» **Stored data entries**
=== Begin Enclosure ===

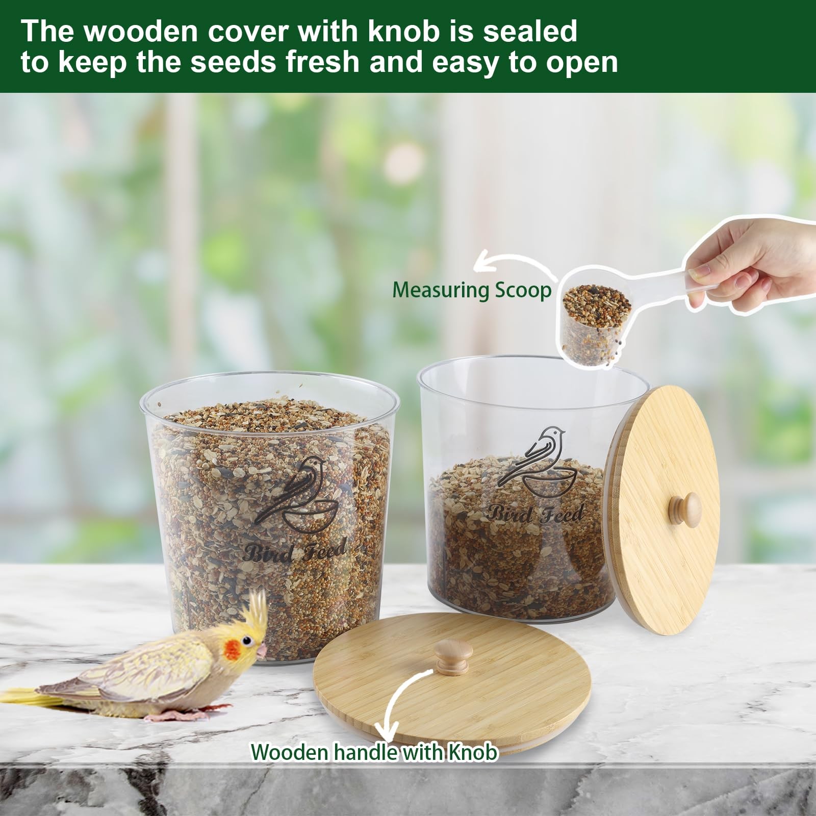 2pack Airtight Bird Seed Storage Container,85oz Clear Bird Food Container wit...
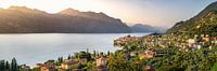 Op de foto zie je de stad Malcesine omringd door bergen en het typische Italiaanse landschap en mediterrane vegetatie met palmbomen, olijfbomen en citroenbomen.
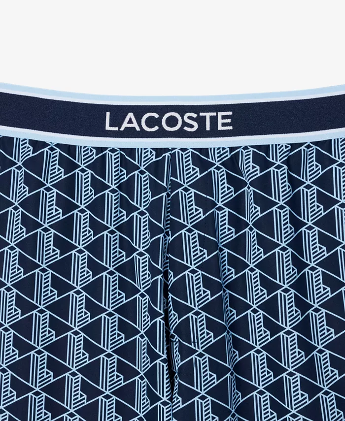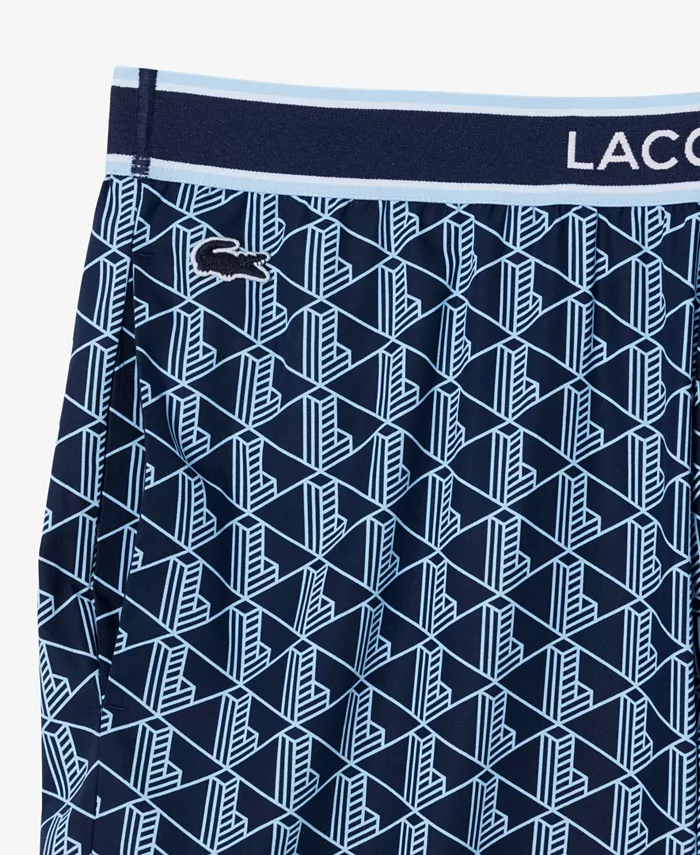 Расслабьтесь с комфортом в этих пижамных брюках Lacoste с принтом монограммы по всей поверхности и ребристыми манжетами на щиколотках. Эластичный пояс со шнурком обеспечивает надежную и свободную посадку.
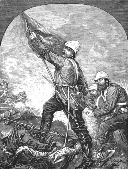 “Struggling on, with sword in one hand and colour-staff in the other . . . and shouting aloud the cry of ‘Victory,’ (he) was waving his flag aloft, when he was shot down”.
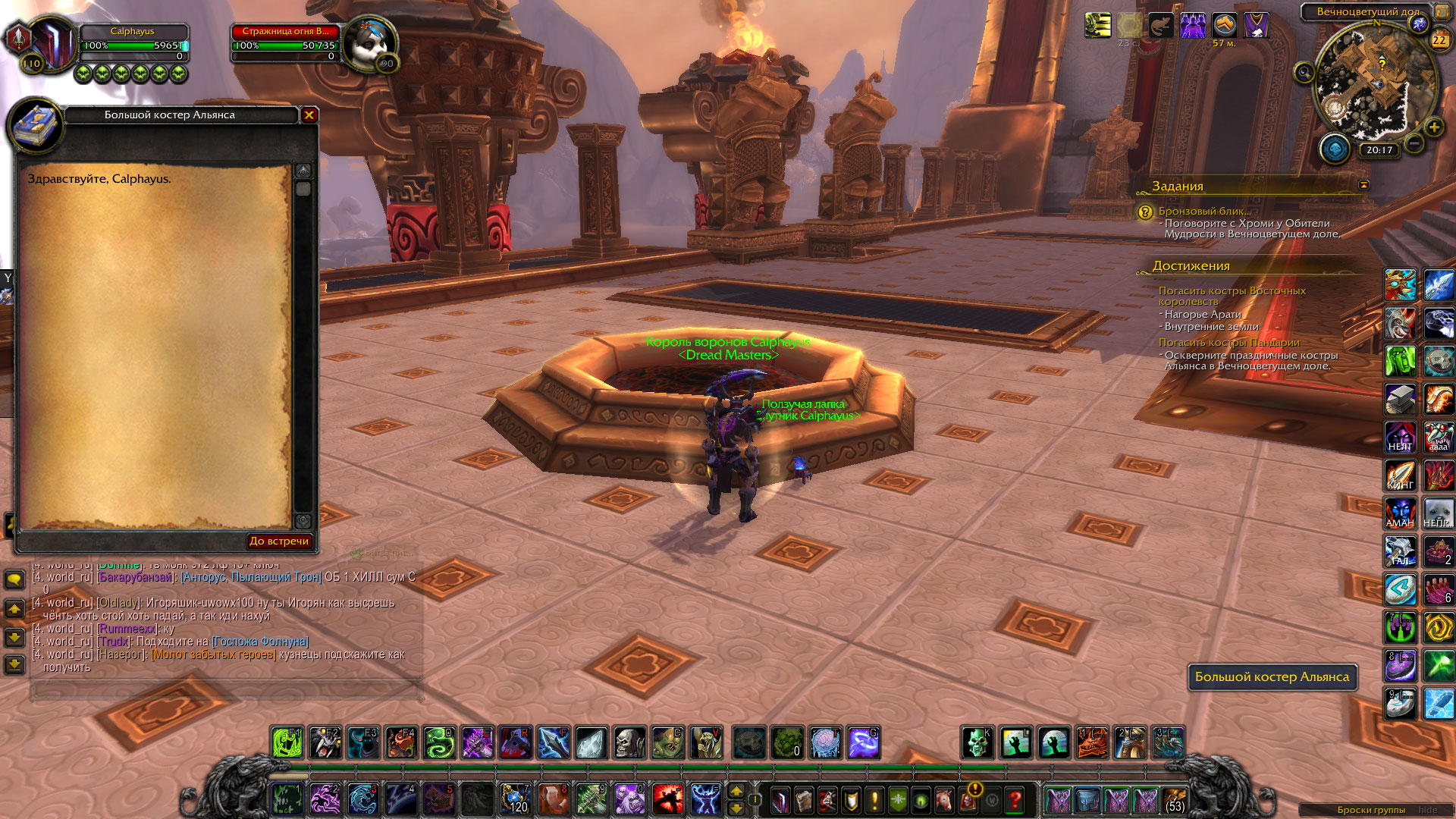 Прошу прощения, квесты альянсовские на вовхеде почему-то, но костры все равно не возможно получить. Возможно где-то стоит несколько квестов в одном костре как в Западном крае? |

=== End Enclosure ===

» **WHAT THE TASK ASKS**
The answer must consist solely of the lines from the line containing "on, with sword" to the end of the data, reproduced exactly, with every picture left out.

» **RESPONSE TO THIS EXERCISE**
 “Struggling on, with sword in one hand and colour-staff in the other . . . and shouting aloud the cry of ‘Victory,’ (he) was waving his flag aloft, when he was shot down”.
 Прошу прощения, квесты альянсовские на вовхеде почему-то, но костры все равно не возможно получить. Возможно где-то стоит несколько квестов в одном костре как в Западном крае? |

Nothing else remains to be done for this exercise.